A central processing unit normally contains three main components: a control unit, an arithmetic and logic unit and a register section. It is the control unit which is responsible for the control and synchronization of the actions of the CPU. The program consists of a sequence of instructions which is executed by going through a cycle for each instruction.

Every instruction cycle is further comprised of a sequence of subcycles. An instruction cycle consists of the following subcycles or phases.

- 1. Fetch instruction from memory.
- 2. Decode the instruction.
- 3. Read effective address from memory.
- 4. Execute the instruction.

After step 4, control goes to step 1 again.

## 4.8 Instruction Types

Different types of instructions are available in the computer to perform various actions. The instruction that is used the most is for copying data from one place to another. Copying means creating an identical bit pattern as the original at the destination location. The data is copied for two reasons. First is the assignment of values to variables, such as X = Y, where the value in memory location Y is copied to memory location X. The second reason is to make the data available at some other memory location where it is more easy to use it. For example, variables are copied from memory locations to registers.
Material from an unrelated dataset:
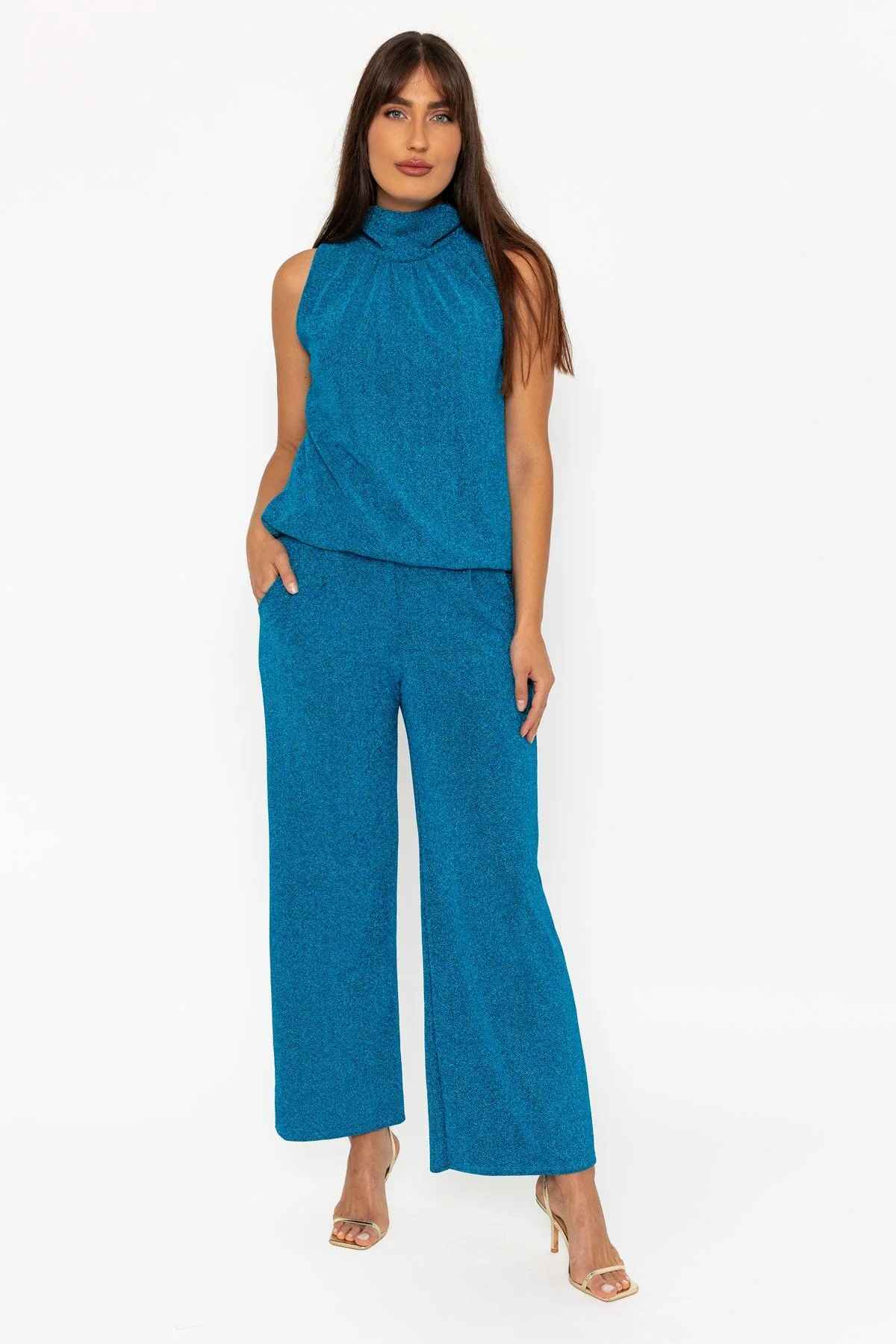 Teal Lurex Wide Leg Trousers

Consider the operation that adds two variables X and Y to produce the third variable Z. The statement Z = X + Y in a high-level language program is a command to the processor to add the current values of the two variables called X and Y, and to assign the sum to a third variable Z. When the program containing this statement is compiled, the three variables X, Y, and Z are assigned to different locations in the memory. The contents of these locations represent the values of the three variables. Hence, the above high-level language statement requires the following action to take place in the computer.
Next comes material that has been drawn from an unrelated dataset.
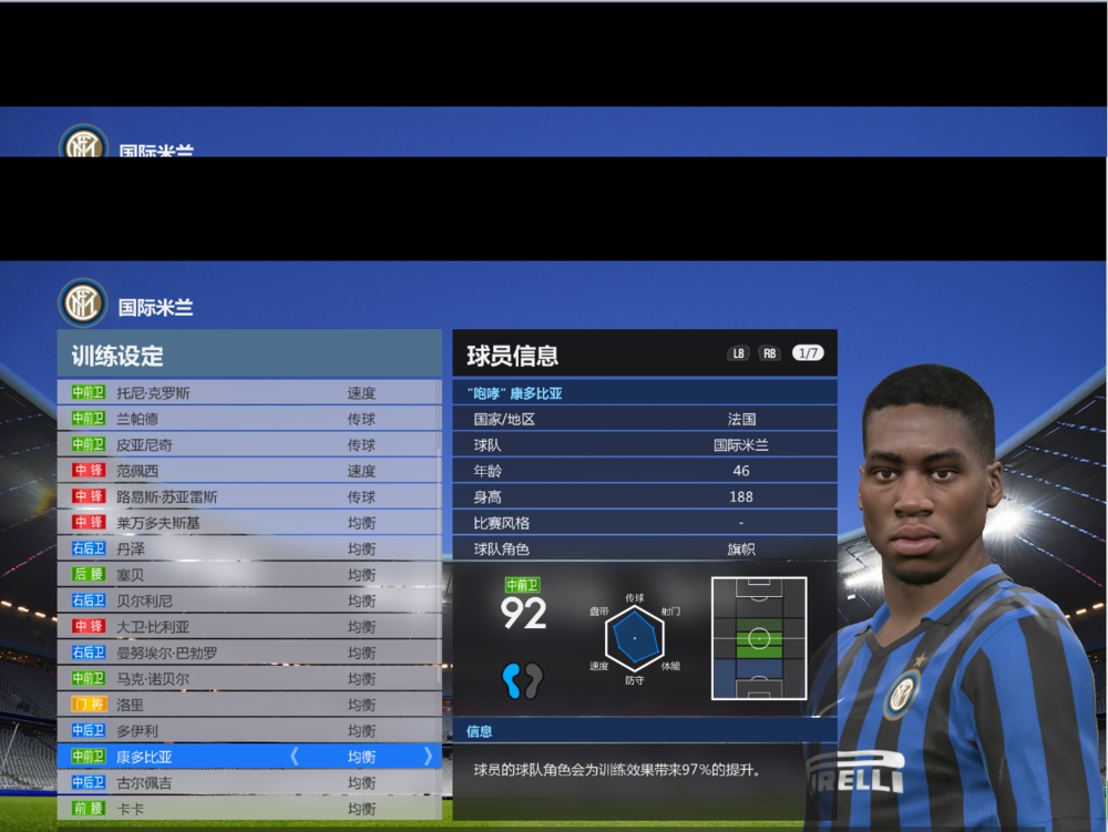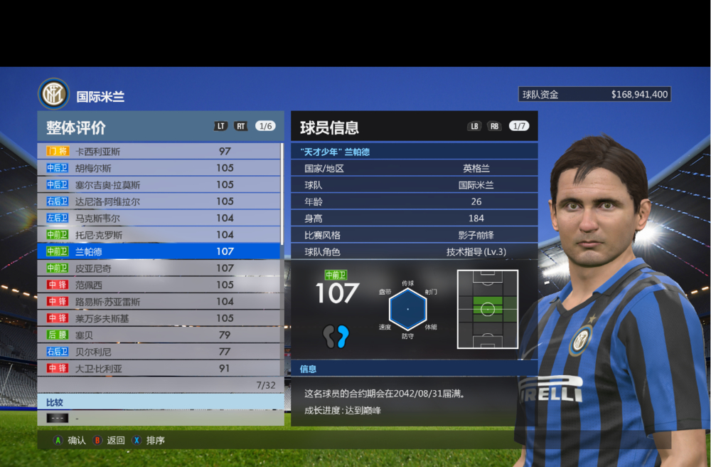 中前卫这个位置练满总评最多107

$$[Z] \leftarrow [X] + [Y]$$

For the execution of this statement, the contents of memory locations X and Y are fetched from the memory into processor registers where their sum is calculated. This result is then stored in location C. This operation can be accomplished in various ways. The address provided by the program to access the memory may be provided in three separate ways. These methods are explained as follows:

## Three-address instruction

Three-address instruction provides three separate addresses for three operands in a single machine instruction. The following instruction is a three address instruction with addresses X, Y and Z. This three-address instruction can be represented symbolically as:

ADD X, Y, Z

Operands X and Y are called the source operands, Z is called the destination operand, and ADD is the operation to be performed on the operands. A general three-address instruction has the format:

Operation Addr1, Addr2, Addr3

Where Addr1 and Addr2 are the source addresses and Addr3 is the destination address.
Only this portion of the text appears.